Designing robotic grippers is tough. Mimicking the human hand is a tall order for engineers. Systems based on suction or magnetics, while simpler to design, have limited uses. A DARPA-supported group of researchers from Cornell University, the University of Chicago and iRobot has a totally different idea: squishy balloons, filled with coffee grounds.
The "universal gripper," as the team is calling it, is a marvel of simplicity, and surely has scores of robotics experts slapping their foreheads. Here's how the team describes their gloriously simple new robo-hand:
[With the universal gripper] we demonstrate a completely different approach to a universal gripper. Individual fingers are replaced by a single mass of granular material that, when pressed onto a target object, flows around it and conforms to its shape. Upon application of a vacuum the granular material contracts and hardens quickly to pinch and hold the object without requiring sensory feedback.
You'll notice they've gone to a bit of effort to use improper nouns in their summary. Perhaps that's because the hand itself is built from curious components. The "hand" portion is a typical party balloon stuffed with coffee grounds, and injected with a small amount of air. This balloon is attached to a vacuum, which subtracts and adds air to the grounds depending on the desired state. When air is present, the grounds have a sandlike softness; when air is sucked out, they become rock-hard, keeping their exact shape.
This extreme behavior may sound a bit odd for such a commonplace substance. The effect is called a "jamming transition," and it's actually familiar to anyone who's bought prepackaged ground coffee, which is remarkably hard until air is introduced into the bag. Cornell Professor Hod Lipson explains:
The ground coffee grains are like lots of small gears. When they are not pressed together they can roll over each other and flow. When they are pressed together just a little bit, the teeth interlock, and they become solid.
Coffee is extremely prone to jamming transitions, and party balloons have so far sufficed for experimental purposes, but in real-world applications, both materials could be replaced by something else. (Rice, ground-up rubber and couscous proved less effective as jamming materials, and while sand was well-suited, it was a bit heavy.) In any case, it's the basic concept, not the materials involved, that could have a real effect on robotics.

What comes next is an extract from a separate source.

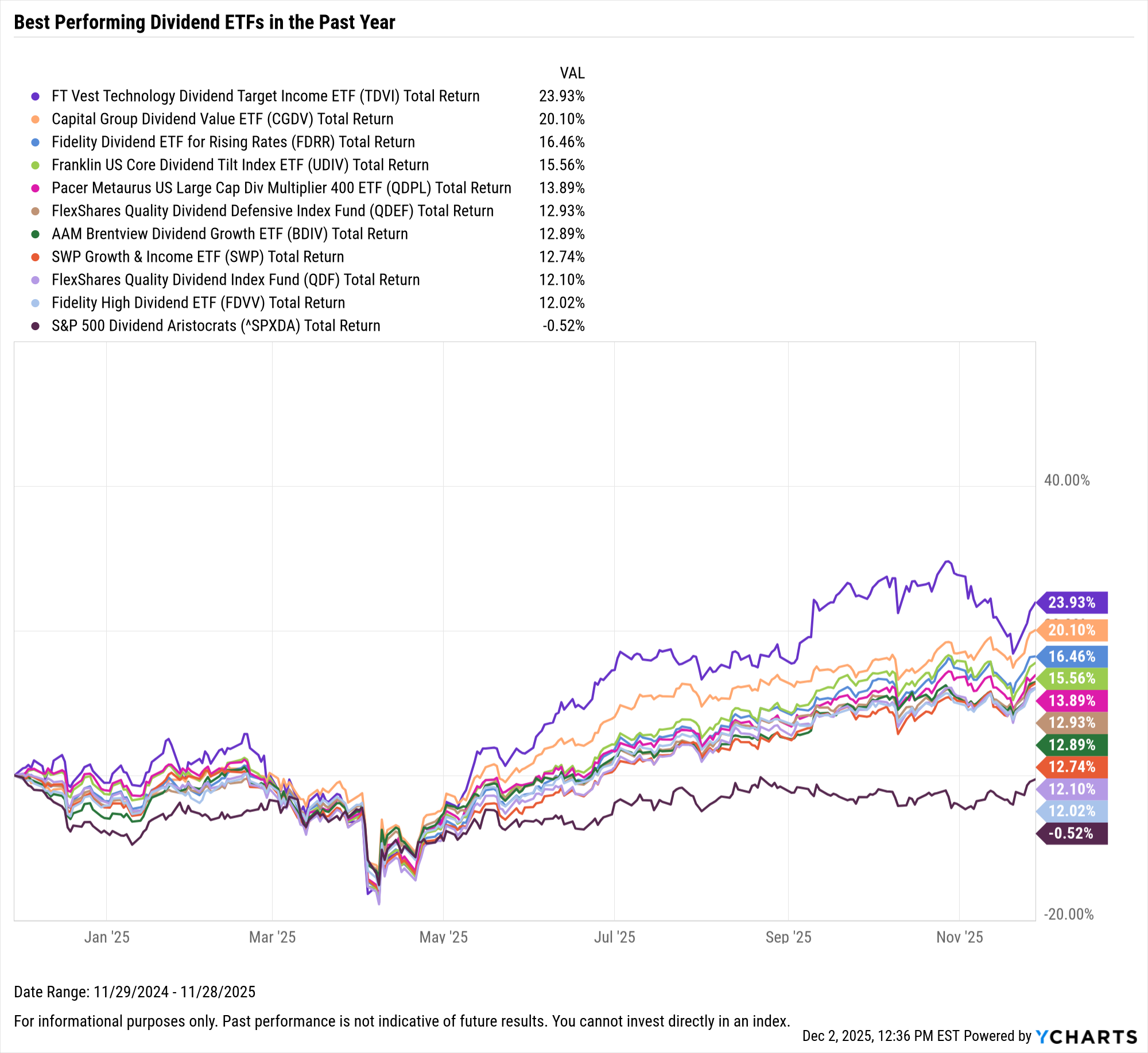 These are the top-performing dividend ETFs over the past year, as of November 30, 2025.

Speaking of real effects, the project's leaders are optimistic. Via the Cornell Chronicle, Lipson said that the universal gripper "is one of the closest things we've ever done that could be on the market tomorrow." He sees the as a useful tool for everything from bomb-defusing robots to simple manufacturing tasks to prosthetic limbs. (Though the inherent strangeness of replacing a human hand with a squishy bag of pulverized breakfast beans might turn some off.)
Mechanics aside, perhaps the most appealing aspect of the universal gripper is its price. Unlike ultra-complicated hand-like grippers, this gripper can be built at low cost, with readily available materials.